WHAT YOU NEED TO DO: Working through the data below, reproduce word for word the line with "Añadimos los puerros" and every line after it, both ends included, and omit the pictures.

COLLECTED MATERIAL:
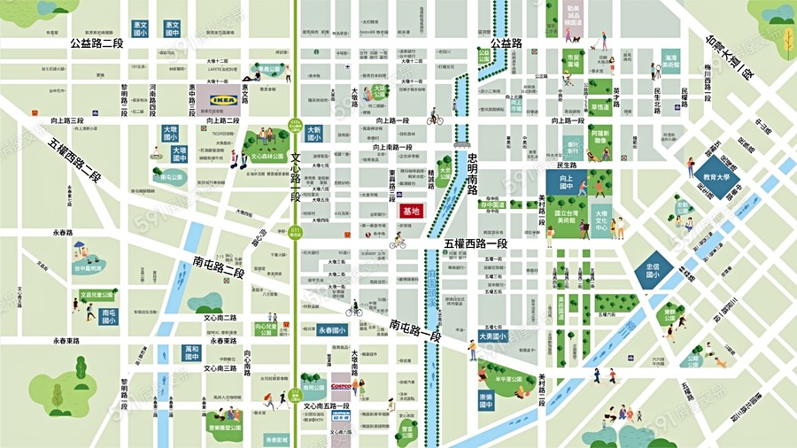 2. 環境機能:距離捷運南屯站(文心路)公車站約824公尺,方便居民出行和搭乘公共運輸工具;距離小學館約790公尺,方便孩子就學。
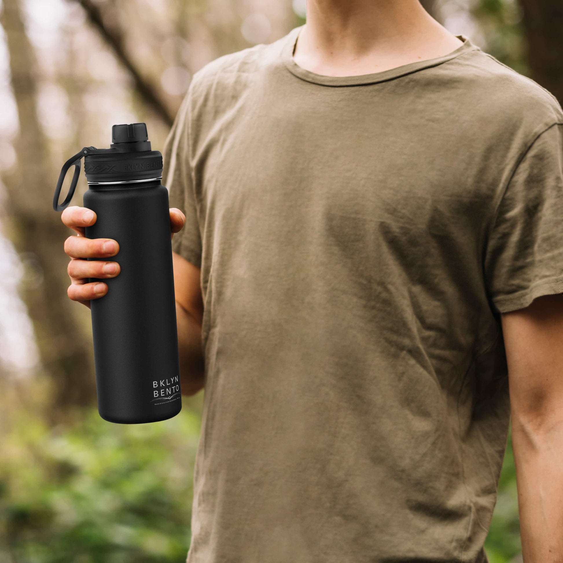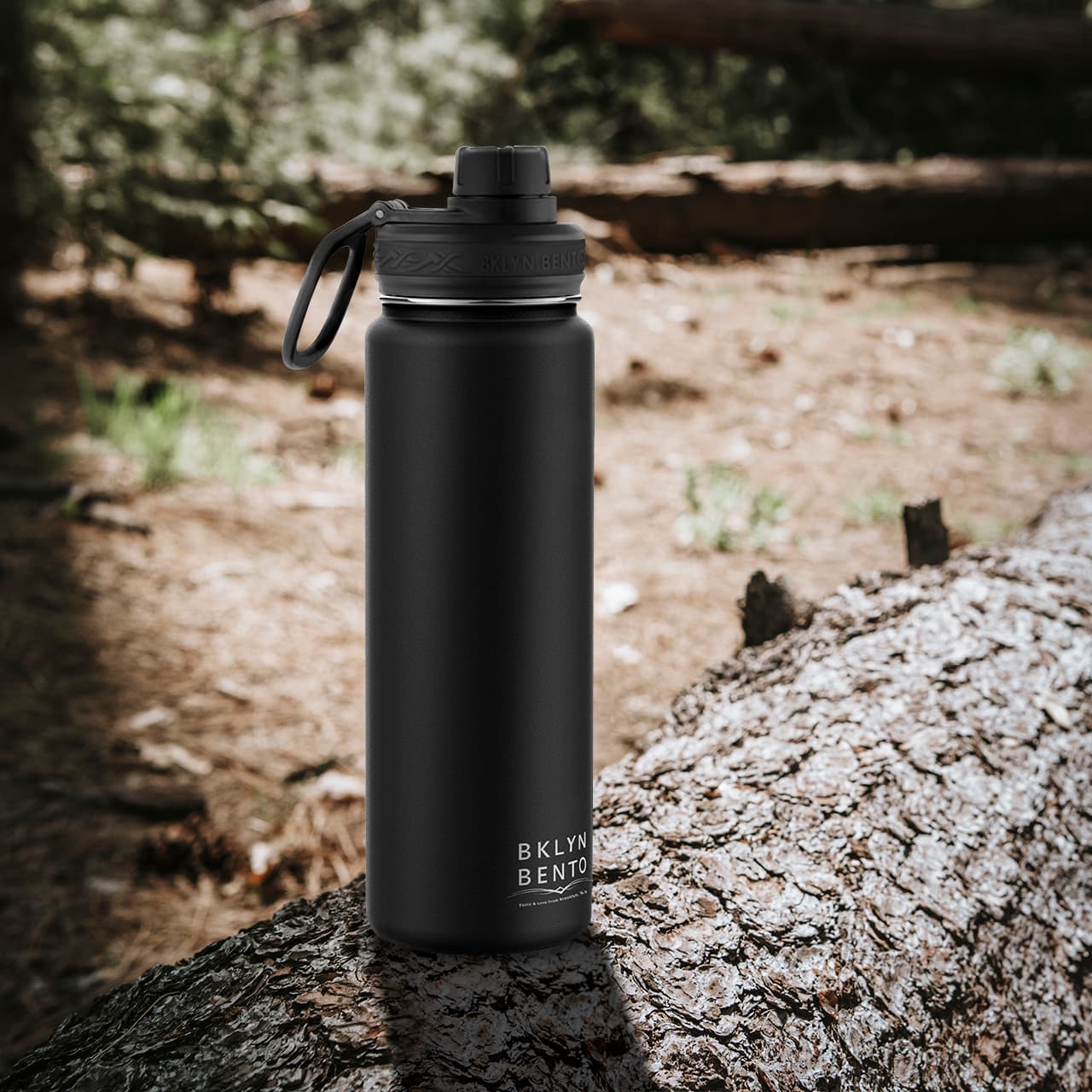 Bklyn Bento Stainless Steel Insulated Water Bottle With 3 Multi-Function Lids (Black / 24oz)
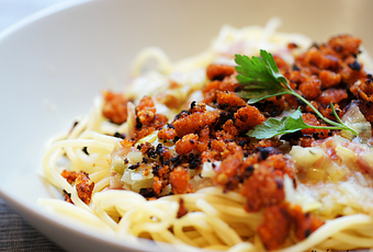 Añadimos los puerros en la cacerola de los spaghetti y removemos. Servimos en los platos y agregamos por encima el pangrattato.
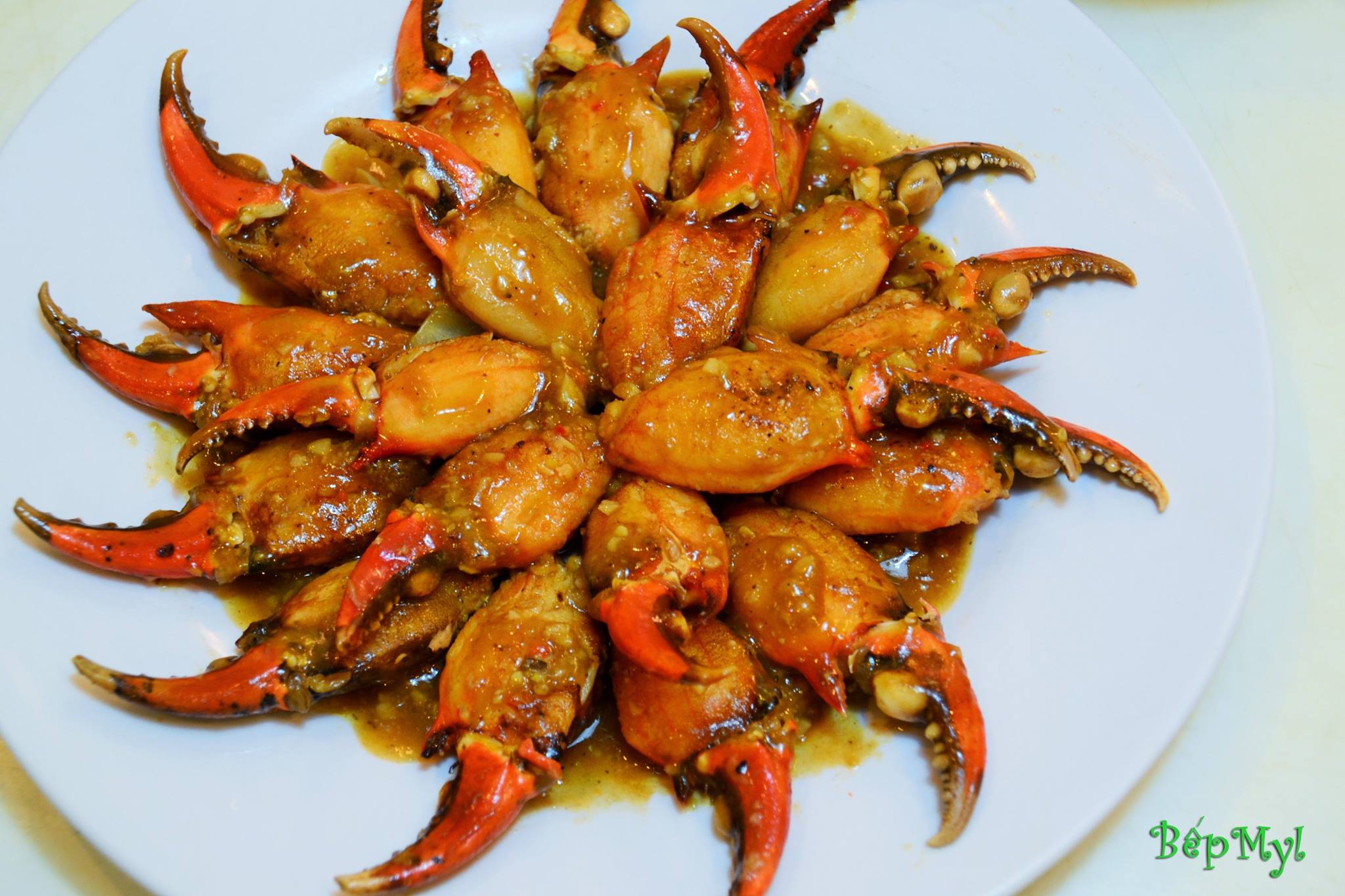 Chiên càng cua vàng hai mặt, vớt ra để ráo dầu. Tiếp tục phi thơm tỏi và hành tây, cho càng cua, ớt và sốt me vào đun lửa nhỏ, từ từ cho cua thấm sốt, nêm gia vị vừa ăn. Sau cùng cho nước bột năng vào, sốt sánh lại các bạn tắt bếp.

SOLUTION TO THIS PROBLEM:
 Añadimos los puerros en la cacerola de los spaghetti y removemos. Servimos en los platos y agregamos por encima el pangrattato.
 Chiên càng cua vàng hai mặt, vớt ra để ráo dầu. Tiếp tục phi thơm tỏi và hành tây, cho càng cua, ớt và sốt me vào đun lửa nhỏ, từ từ cho cua thấm sốt, nêm gia vị vừa ăn. Sau cùng cho nước bột năng vào, sốt sánh lại các bạn tắt bếp.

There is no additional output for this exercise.